Abstract
Kinetic measurements measure the rates of reactions. The information obtained is useful for fundamental understanding of chemical mechanism and for a variety of applications. The overall rate law for a reaction and the definition of associated rate constants must be consistent with the stoichiometric chemical equation for the reaction, but cannot be predicted from the stoichiometric equation alone. A detailed reaction scheme (or an even more descriptive reaction mechanism), which specifies any intermediates that occur in the reaction and describes exactly which atoms or molecules react in each elementary step, is needed to predict a rate law. The goal of kinetic measurements is to verify the functional form of the rate law and determine any constants in the rate law.
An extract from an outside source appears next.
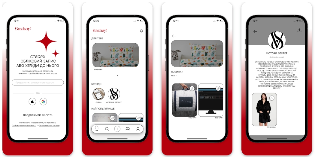 🎁 Bazhay! — це український мобільний застосунок для списків бажань. Кожен користувач має власний профіль, який можна надіслати друзям, рідним чи колегам, щоб вони знали, що можна подарувати і точно вгадати з подарунком. Створювати бажання можна шляхом додавання посилання на бажаний товар чи послугу. Виглядає, що застосунок орієнтований більше на дівчат і жінок.
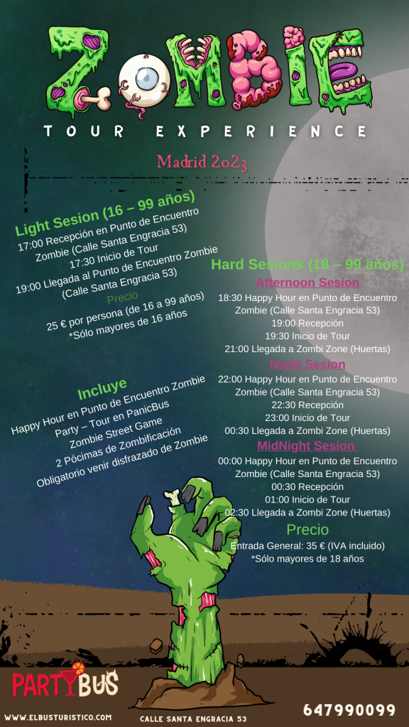 Te ofrecemos una experiencia zombie sin igual. Un autobús cargado de zombies que soltamos en medio de Madrid. El objetivo es convertir al mayor número de personas. Un traguito de nuestra pócima de zombificación y comienza la fiesta.

The constants are quantities that do not vary when concentrations of reactants change; but they do vary with temperature, solvent, and other reaction conditions. Kinetic measurements involve preparing reactants at concentrations different from equilibrium values and then monitoring concentrations as they approach equilibrium. Simple manual mixing may suffice. More rapid reactions may be studied by flow-mixing reactants in a moving stream or by injecting and mixing rapidly in a stopped-flow device. Even faster reactions require perturbation techniques that start with a homogeneous mixture and perturb conditions away from equilibrium. This can be accomplished by changing external thermodynamic conditions such as temperature or pressure. Altematively, a reagent precursor may be switched suddenly to an active form by a flash of light (flash photolysis) or a pulse of electrons (pulse radiolysis). A host of reaction schemes are possible, but the Michaelis-Menten scheme applicable to much enzyme catalysis receives special attention. The temperature dependence of rate constants is discussed in terms of an activation energy, and the dependence on pressure is characterized by an activation volume. Brief mention is made of recent progress in reaction dynamic studies, which provide in a few cases both experimental and theoretical treatments at the full quantum mechanical level.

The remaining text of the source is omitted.